To contradict myself -- I probably wouldn't start a book like this. The risk of the editor running screaming is probably not one you want.
 
Thanks, Springs, and yeah; can't please everyone.

That's what I was meaning by crazy disjointed - it doesn't make sense. But then, I don't think it's entirely supposed to.

Right now it reads quite like Enders Game, I think.


Reasonsing: - and I'm not arguing here, or trying to convince anyone that it's great, it's more likely rubbish than great -


Battles never make sense right in the middle of them, that's why they have experienced commanders overseeing the battle from a distance, so they can give calm and collected orders to those too caught up in the insane middle of it to think properly.

Dreams and memories often come in disjointed flashes, rather than following smoothly. Nobody liked it flowing smoothly - or at least semi-smoothly - in the first version anyway.


EDIT: Post crossed over with Hex.

Okay, no good as a start? Alrighty then, good to know. I'll probably just go with 3rd person version then, which I originally had before this idea came along.
 
Right now it reads quite like Enders Game, I think.

No, sorry, I don't think it does. Ender's Game is sparse, but it has a very logical flow; the description is in there, it's just hard to pull out. But it's not breathless, or disjointed, just sparse. This is close first, where Ender's Game is generally more distant.
 
Right now it reads quite like Enders Game, I think.

No, sorry, I don't think it does. Ender's Game is sparse, but it has a very logical flow; the description is in there, it's just hard to pull out. But it's not breathless, or disjointed, just sparse. This is close first, where Ender's Game is generally more distant.

hmm, I thought the first couple chapters were all over the place, but maybe that's just me.

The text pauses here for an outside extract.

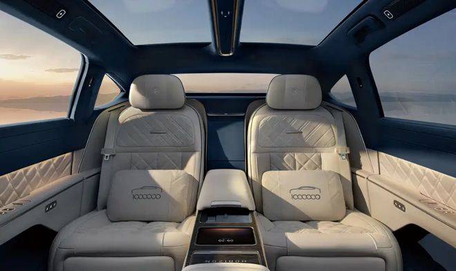 进入车内,ET9限量版呈现出一种奢华而科技感十足的氛围。四座布局搭配独特的“行政桥”设计,将前后排空间巧妙分隔。这条近两米长的贯通结构内集成了电动智能冰箱等高端配置,既实用又彰显身份。后排座椅采用360度无极调节设计,配备独立显示屏和控制屏,为乘客提供极致的舒适体验。矩形方向盘、AR抬头显示以及流媒体后视镜等科技配置的加入,进一步提升了整车的未来感。

I don't think I'll use this now anyway, not if it's going to be the first scene - might use such methods later though - as Hex said, it's too dangerous.
 
I don't really know what I'm talking about, of course. It just seems like a risky strategy to me. It's a shame because I really liked this. But as you say,maybe you can use this sort of strategy later on instead.
 
I don't really know what I'm talking about, of course. It just seems like a risky strategy to me. It's a shame because I really liked this. But as you say,maybe you can use this sort of strategy later on instead.

hmm...


Well I already have a 3rd person version penned up, it's quite different as it's actually happening, rather than a flashback. It starts right after Jordie's death and continues on past the point this scene starts at - of course it skips the flashbacks.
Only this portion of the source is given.